Hi AL!
Gedichte über Blumen und Samen als Chiffren für die Reifung des Menschen (oder schlicht sein Älterwerden) sind so eine Sache... das Thema ist im Prinzip irgendwie ziemlich "durch", wobei man sagen muss, dass Gedichte mit dieser "Codierung" vor allem ein großes Thema der bürgerlichen Lyrik des 19. Jahrhunderts waren - das aber dann gleich so gründlich, dass man nicht mehr so recht weiß, wie man hier noch etwas Neues beitragen kann.
Also ich würde tendenziell eher die Finger von diesem etwas ausgelatschten Komplex lassen - Du hast das nicht getan und tatsächlich in der vorletzten Zeile einen Aspekt angedeutet, der gleichzeitig bedeutungsoffen (damit kriegst Du mich natürlich) und auch noch vergleichsweise weniger "benutzt" wurde. Denn was die Vögel wohl mit dem Samen letztlich anstellen, hängt doch sehr von der Art der Sämerei und der Güte des aviären Verdauungstraktes ab.
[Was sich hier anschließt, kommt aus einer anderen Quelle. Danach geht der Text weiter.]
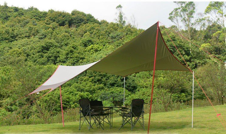 เต็นท์เดินป่า โดยทั่วไปถูกออกแบบมาให้พกพาได้ง่ายอยู่แล้ว การใช้เต็นท์สนามขนาดใหญ่ที่ไว้สำหรับกิจกรรมกลางแจ้งจึงควรที่จะอยู่ในที่ที่เหมาะสม แต่ด้วยคุณสมบัติของเต็นท์กลางแจ้งประเภทนี้คือ มันสามารถป้องกันแดดได้เป็นอย่างดี และยังบรรจุคนได้เป็นจำนวนมาก การถ่ายเทอากาศก็ทำได้เป็นอย่างดี หรือนกรณีที่มีฝนก็ยังมีอุปกรณ์เสิรมที่เป็นผ้าพลาสติกปิดคลุมลงมาเพื่อบังฝนได้เช่นกัน แต่เรื่องความแข็งแรงนั้นมักไม่ทนต่อลมสักเท่าไหร่

Es mag sein, dass der geflügelte Bote den Samen in der Welt verbreitet, auf dass andernorts neues Grün hervorkeimt, es mag aber auch sein, dass der Piepmatz, wenn er denn ein Körnerfresser ist, die dargebotenen Kalorien als Sprit für den nächsten Rundflug benutzt und das, "was hinten rauskommt" ein ziemliches biologisches Dead End repräsentiert.
Also mit diesem offenen Bild bin ich eigentlich ganz happy. Was mir aber ein bisschen gegen den Strich geht, ist dass dann in der letzten Zeile nochmal eine doch ganz schön konventionelle Sichtweise dargeboten wird. Ich habe gar nichts gegen ein optimistisches Ende eines Gedichts, aber genau das ist eben in der Gattung der "Blüh-auf-und-werd-zum-Samen"-Lyrik schwierig weil, siehe oben: für mein Liking etwas ausgelatscht.
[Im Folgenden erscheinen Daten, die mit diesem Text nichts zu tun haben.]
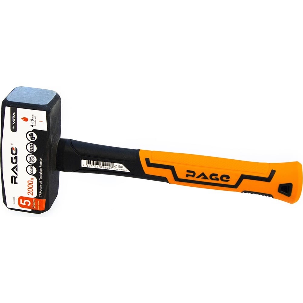 Кувалда RAGE by VIRA 2000г с фиберглассовой ручкой. Кувалду используют для забивания крупного крепежа, обработки металлов, при ковке, при разборке конструкций из металла, дерева и камня. Эта модель кувалды предназначена для хвата рукоятки обеими руками. Боёк выполнен из инструментальной стали CS45. Твердость бойка: 50-54 HRC. Ударная группа RAGE by VIRA соответствует немецкому стандарту DIN, кувалда имеет свою маркировку на бойке инструмента. Рабочая часть кувалды плотно соединена с рукояткой и ощущается как её продолжение. Эти части практически невозможно разделить. Наши специалисты поработали над усилением закалки инструмента с исходных 2-6 мм до 4-10 мм. Боёк меньше разрушается при ударах. Рукоятка из фибергласса прочна, но легка. При использовании многократной намотки, из этого сырья изготавливают парусные мачты, автомобильные глушители и велосипедные рамы. Фибергласс не рассыхается, не гниет, не реагирует на воздействие кислот. Ещё одно преимущество материала – его способность гасить передающиеся удары, а значит вы меньше отобьете руки, работая кувалдой. Покрытие из термопластичной резины TPR мягкое наощупь и не дает рукоятке скользить в ладони. Мы привели всю ударную группу компании RAGE by VIRA в соответствие с требованиями немецкого промышленного стандарта качества Geprüfte Sicherheit (GS). Кроме того, вся ударная группа соответствуют качеству британского института стандартов BSI.

Für einen positiven Entwicklungsschluss - wahlweise der Sorte nach dem Abblühen gibts "in einer besseren Welt" die Bonusrunde oder aber nach dem Motto "wir geben etwas an die lieben Verbliebenen weiter" - würd ich persönlich dringend zu einer anderen bildhaften Ausgangskonstellation raten.
LG!
S.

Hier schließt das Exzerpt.